Mieux vaut prévenir que guérir : il faut avoir le cœur bien accroché pour venir à bout des dix épisodes de la série Maniac, actuellement disponible sur Netflix. Et surtout, il faut aimer le loufoque, le démentiel, le complexe. Aux commandes de cet ovni télévisuel : le scénariste et romancier Patrick Somerville, auteur de The Bright River, et le réalisateur Cary Fukunaga (True Detective, Beasts of Nation).

Un millefeuille d’univers cinématographiques

Si vous êtes passés à côté de la tornade Maniac, il est encore temps de vous rattraper. Remake d’une série norvégienne, sa version made in USA pourrait bien vous laisser scotcher au plafond… à condition d’apprécier le mélange des genres.

Car Maniac est un véritable millefeuille d’univers cinématographiques : science-fiction, heroic fantasy, film de gangsters, comédie, thriller psychologique, film d’espionnage… tout y passe ! Et ça tient debout, ce micmac ? Oui, ça tient debout. Mais pour comprendre comment, posons d'abord le cadre de l’histoire.

Dans un futur rongé par le consumérisme et le progrès technoscientifique débridés – quelque chose entre Le Meilleur des mondes d’Aldous Huxley et Brazil de Terry Gilliam –, la population est de plus en plus sujette aux maladies mentales. Afin de combattre ce fléau grandissant, le laboratoire pharmaceutique Neberdine BioTech travaille au développement de pilules capables de guérir les troubles psychiatriques des individus.

Il met donc en place un programme expérimental sur un groupe de cobayes humains volontaires. Parmi eux : Owen Milgrim, un schizophrène et Annie Landberg, une jeune femme traumatisée depuis la mort de sa sœur cadette.

Des personnages empêtrés dans leurs fantasmes délirants

À partir de là, Maniac nous ballotte sans trop de ménagement entre la réalité angoissante de ces essais cliniques et l’imaginaire névrosé de nos deux protagonistes.

Chaque pilule ingérée devient le prétexte d’un voyage hallucinatoire dans leur esprit tortueux, un ressort narratif qui n’est pas sans rappeler d’une certaine façon Inception de Christopher Nolan. Sauf qu’ici les personnages deviennent le jouet de leurs fantasmes délirants, empêtrés dans des situations que leur inconscient leur impose.

D’un épisode à l’autre, ils se retrouvent ainsi métamorphosés tantôt en elfe médiéval dans un trip à la Tolkien, tantôt en mafioso des années 50 à la sauce Pulp Fiction, tantôt encore en couple d’escrocs infiltrant une secte mystique dans un vieux manoir Hitchcockien.

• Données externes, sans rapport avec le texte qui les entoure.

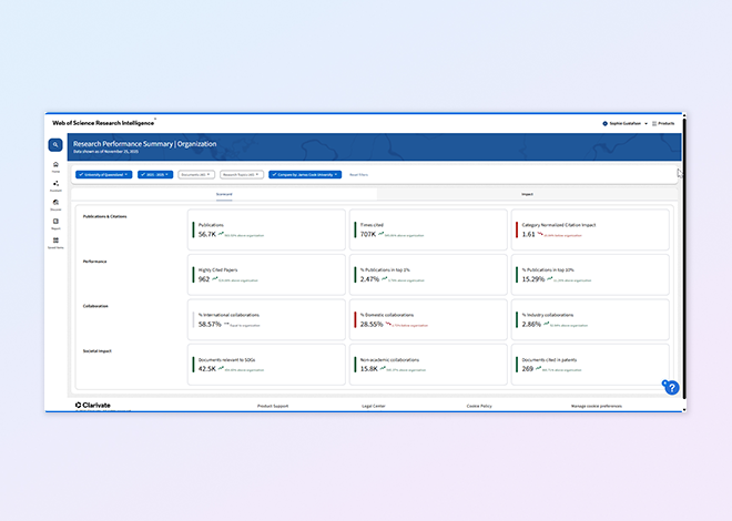 Web of Science Research Intelligence enables institutions to build high-impact teams, discover grants, and clearly demonstrate the outcomes that funders, stakeholders, and society care about—turning research excellence into measurable results.

Il va sans dire que ce kaléidoscope d’atmosphères disparates représente un défi d’envergure pour les acteurs, lesquels doivent composer habilement entre les nombreux traits de caractère, réels et fantasmes de leur personnage. Mais pour cela, ne doutez pas du talent de Jonah Hill (Owen) et d’Emma Stone (Annie), visiblement très à l’aise dans cet exercice d’équilibriste. D’ailleurs, ils ne sont pas les seuls à crever l’écran : Justin Theroux et Sonoya Mizuno se révèlent également tout à fait justes et délicieux dans leur rôle de scientifiques passionnés mi-sérieux, mi-fleur bleue.

Une série qui a du chien

Pour finir, on ne résistera pas au plaisir de vous dire que cette série un peu foutraque a du chien… andalou ! Du nom de ce court-métrage porté à l’écran par Luis Buñuel et Salvador Dalí il y a presque un siècle. Construit à partir de petits morceaux de rêves, Un Chien Andalou donnait à voir une succession de scènes dérangeantes sans queue ni tête. Il provoqua nausées, étourdissements et indignation dans le public. C’était alors la grande époque des surréalistes, ces artistes épris de liberté, explorateurs des confins de l’inconscient, pourfendeurs du rationnel et du bon goût. Il est clair que les créateurs de Maniac s’inscrivent dans leur sillage. Et ce n'est pas pour nous déplaire.